00:04:52.000 And, you know, when you're in a debate with somebody who's good, you're equal, you're likely to get bruised trying to defend what you think is right.
00:05:01.000 But that is the way science works, and that's how science moves forward.
00:05:06.000 Michael Crichton famously said that if you ever see a consistency between scientists and that they all believe the same thing, you should hold on to your wallet and run in the other direction.
00:05:21.000 That science is not what people opine.
00:05:26.000 But it's the data and the experiments that they do.
00:05:29.000 And the essence of science is not the theories.
00:05:34.000 We use theories all the time, but theories are not science.
00:05:37.000 Theories motivate science.
00:05:39.000 So Dr.
00:05:40.000 Fauci and the Public Health Administration, but putting out theories from beginning to end with no evidence for them, that's not science.
00:05:48.000 Science is taking those theories and doing empirical studies, either experiments or observational studies, and Looking at the results, and if they support the theory, good.
00:05:59.000 If they refute the theory, then we update the theory, modify it, or throw it out, and do more studies, and repeat the cycle.
00:06:06.000 And that is the essence of science.
00:06:08.000 It's looking at observational data in support or refutation of theories, as well as debating those experiments and observations with colleagues, As to the validity of what they show.
00:06:22.000 And that's really what science is about, not the proclamation that I am the science.
00:06:27.000 You know, that has nothing to do with science.
00:06:30.000 Now, the issue of plausibility is a little more interesting because plausibility is basically throwing out a theory.
00:06:36.000 So when somebody tells you that masks work to prevent infection transmission, that's a theory.
00:06:44.000 But it's not science until you actually go measure it.
00:06:47.000 And the studies that have measured it haven't supported that theory.
00:06:50.000 So here we are with a policy based on a theory that has essentially no empirical data in support of the policy or the theory.

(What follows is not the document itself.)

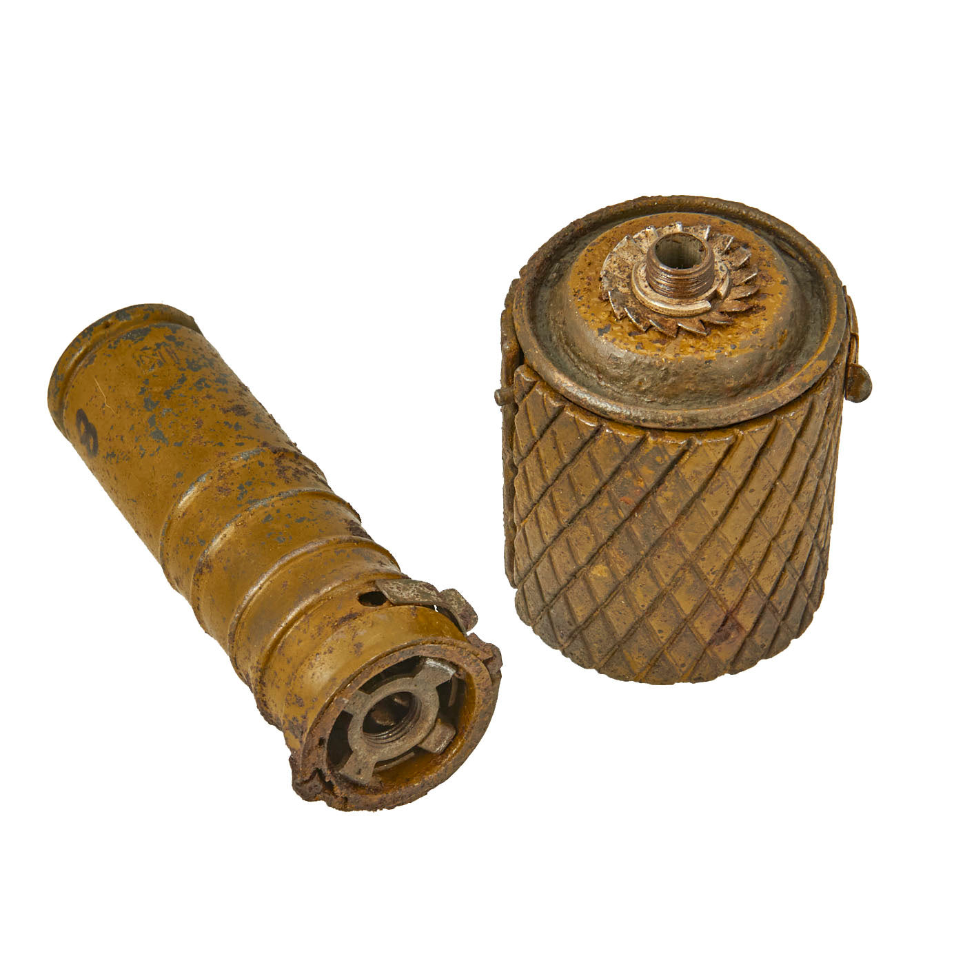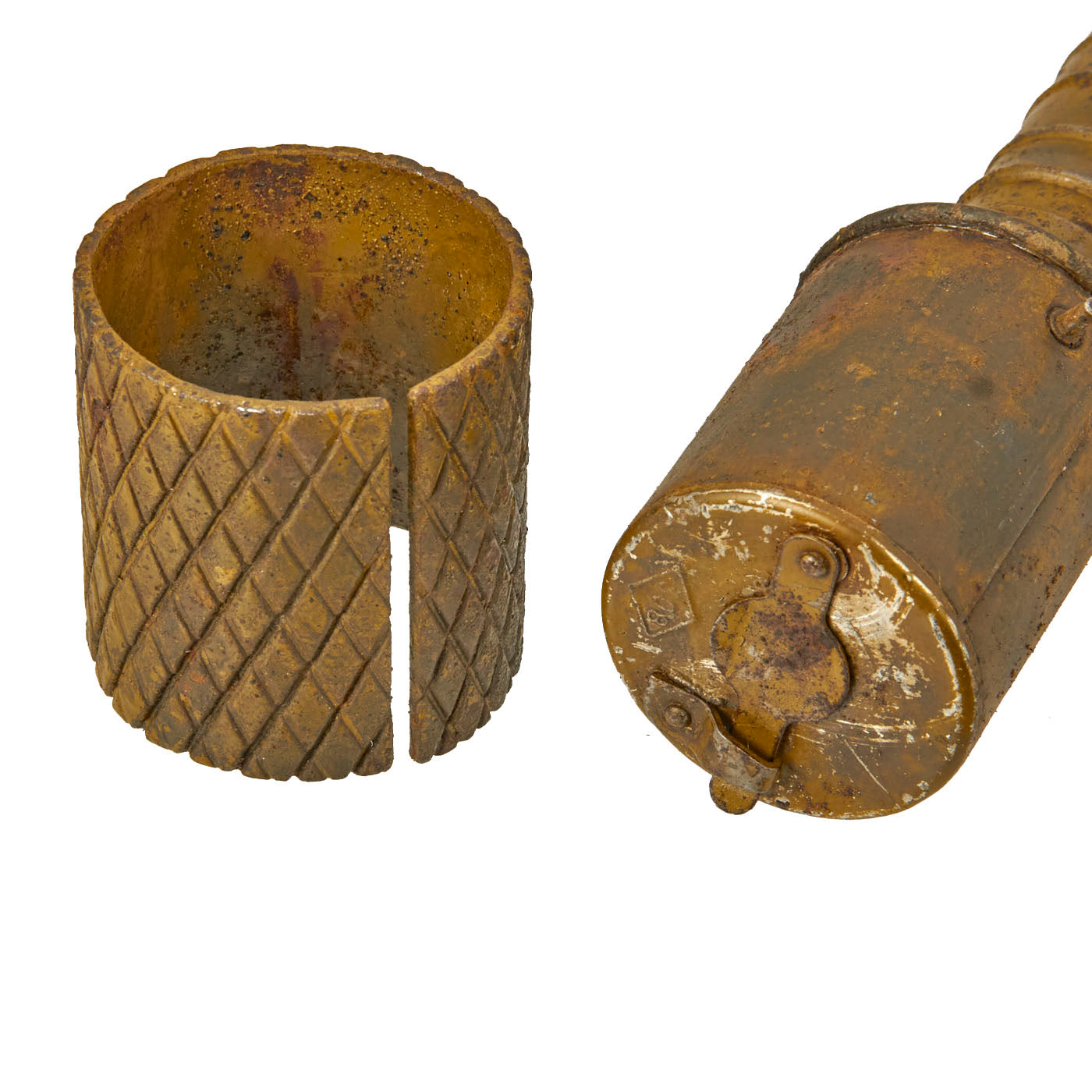 This example was recovered from the field, where they had been exposed to the elements for several years. It is complete with a rare fragmentation sleeve, inert and complete, but shows some minor rust and age. Overall wonderful example of genuine battlefield pickup RGD-33, ready for display!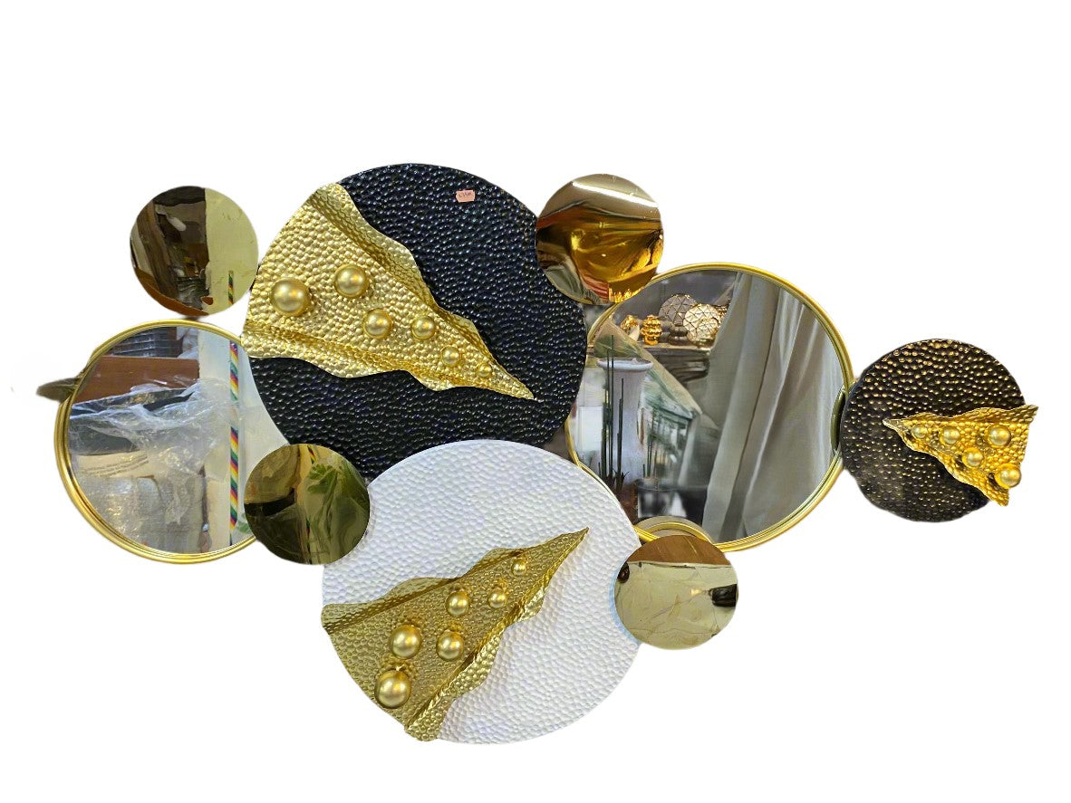 - A stunning arrangement of circular mirrors and decorative elements, perfect for adding a touch of sophistication to any room.

00:06:58.000 And so my problem with this is that I do the science.
00:07:02.000 I don't care about the policy much, except in the COVID era when it was all forced on us.
00:07:06.000 But I just do the science and try to interpret what nature says.
00:07:11.000 As I say, I translate nature into English.
00:07:15.000 And that's all there is for me as to looking at the truth of objective information for the things that we believe scientifically.
00:07:22.000 In COVID, I started that with looking at outpatient treatment and various drugs that were available at the time.
00:07:28.000 And that's gone on to include all the other things that we've dealt with, including the vaccines, their potential benefits and risks and efficacy or no efficacy and All that stuff that we've been doing all have scientific aspects and have had some degree of scientific study.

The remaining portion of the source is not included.